No pictures, nothing altered: return the data below.

*** Opening Data block ***

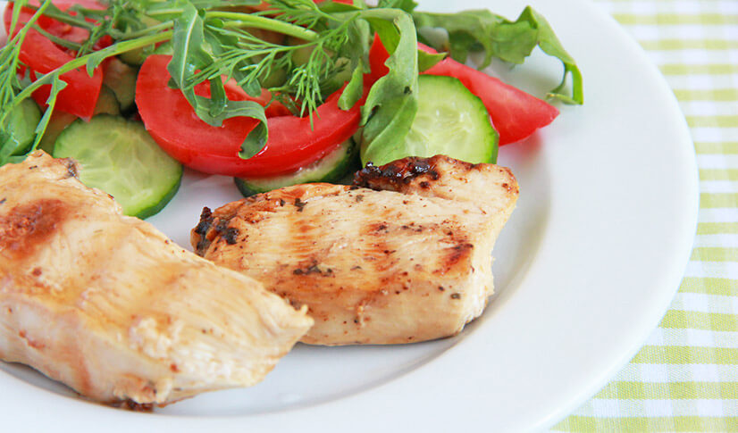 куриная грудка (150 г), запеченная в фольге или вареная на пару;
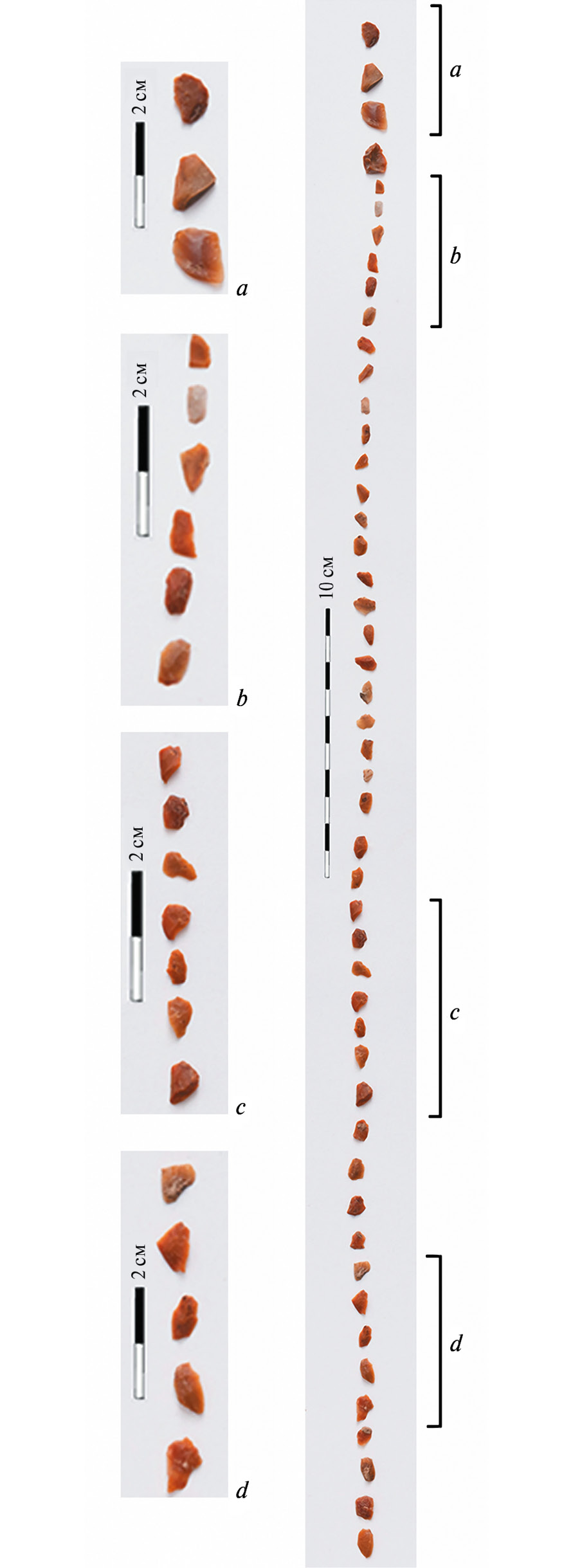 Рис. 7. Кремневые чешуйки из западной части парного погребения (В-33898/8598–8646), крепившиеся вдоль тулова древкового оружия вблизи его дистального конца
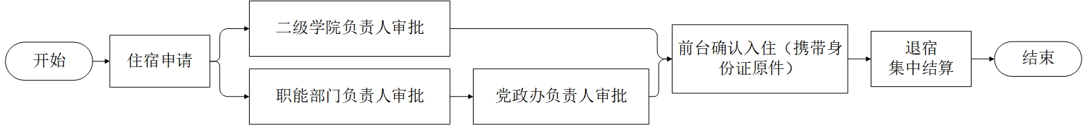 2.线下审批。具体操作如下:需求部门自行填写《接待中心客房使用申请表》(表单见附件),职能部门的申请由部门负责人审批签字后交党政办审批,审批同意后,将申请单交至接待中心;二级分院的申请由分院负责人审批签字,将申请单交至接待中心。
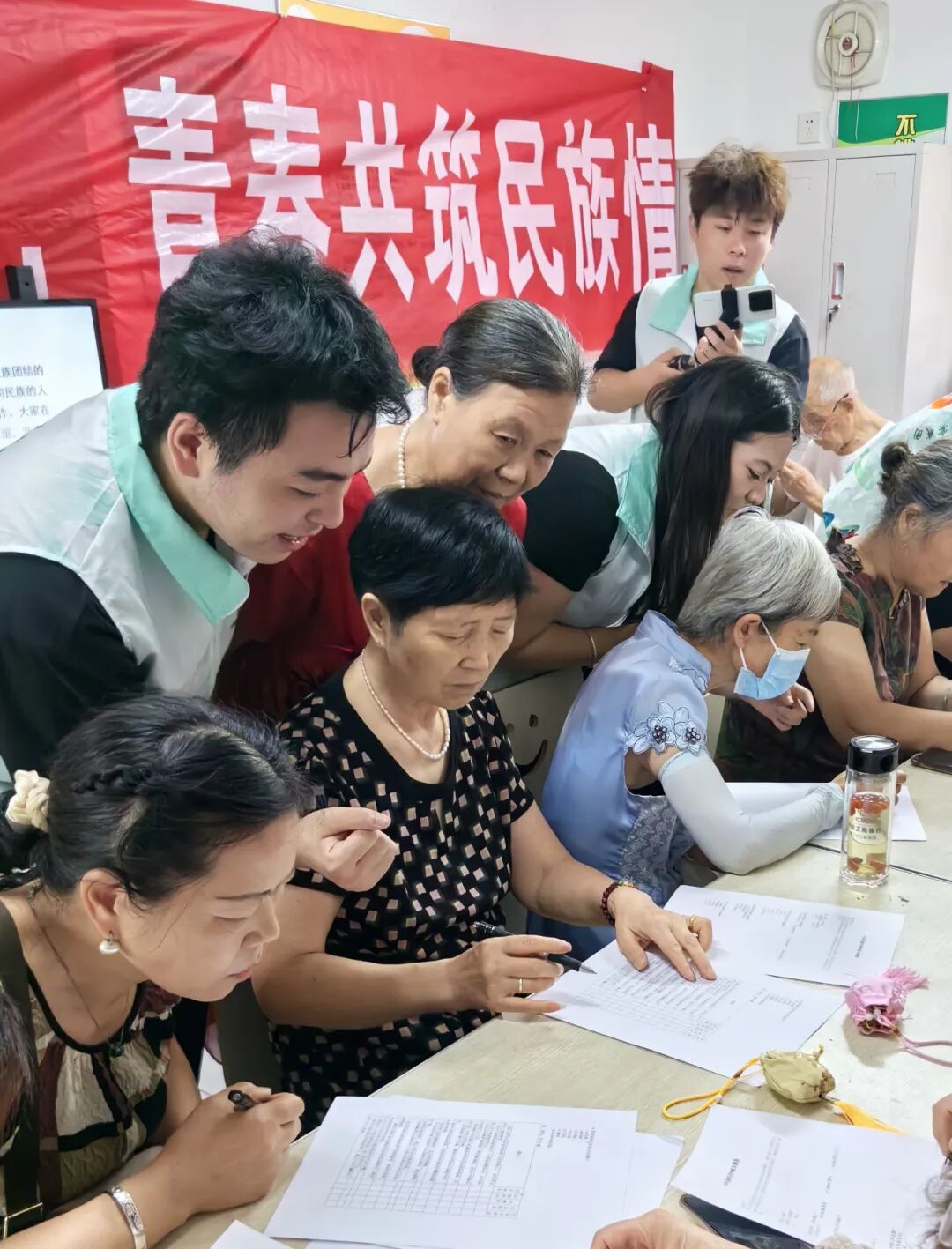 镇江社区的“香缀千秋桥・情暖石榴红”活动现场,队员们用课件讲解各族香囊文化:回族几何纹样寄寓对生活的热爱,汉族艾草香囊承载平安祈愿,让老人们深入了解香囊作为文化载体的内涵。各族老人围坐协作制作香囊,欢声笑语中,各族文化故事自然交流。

*** Closing Data block ***

§ Answer area
 куриная грудка (150 г), запеченная в фольге или вареная на пару;
 Рис. 7. Кремневые чешуйки из западной части парного погребения (В-33898/8598–8646), крепившиеся вдоль тулова древкового оружия вблизи его дистального конца
 2.线下审批。具体操作如下:需求部门自行填写《接待中心客房使用申请表》(表单见附件),职能部门的申请由部门负责人审批签字后交党政办审批,审批同意后,将申请单交至接待中心;二级分院的申请由分院负责人审批签字,将申请单交至接待中心。
 镇江社区的“香缀千秋桥・情暖石榴红”活动现场,队员们用课件讲解各族香囊文化:回族几何纹样寄寓对生活的热爱,汉族艾草香囊承载平安祈愿,让老人们深入了解香囊作为文化载体的内涵。各族老人围坐协作制作香囊,欢声笑语中,各族文化故事自然交流。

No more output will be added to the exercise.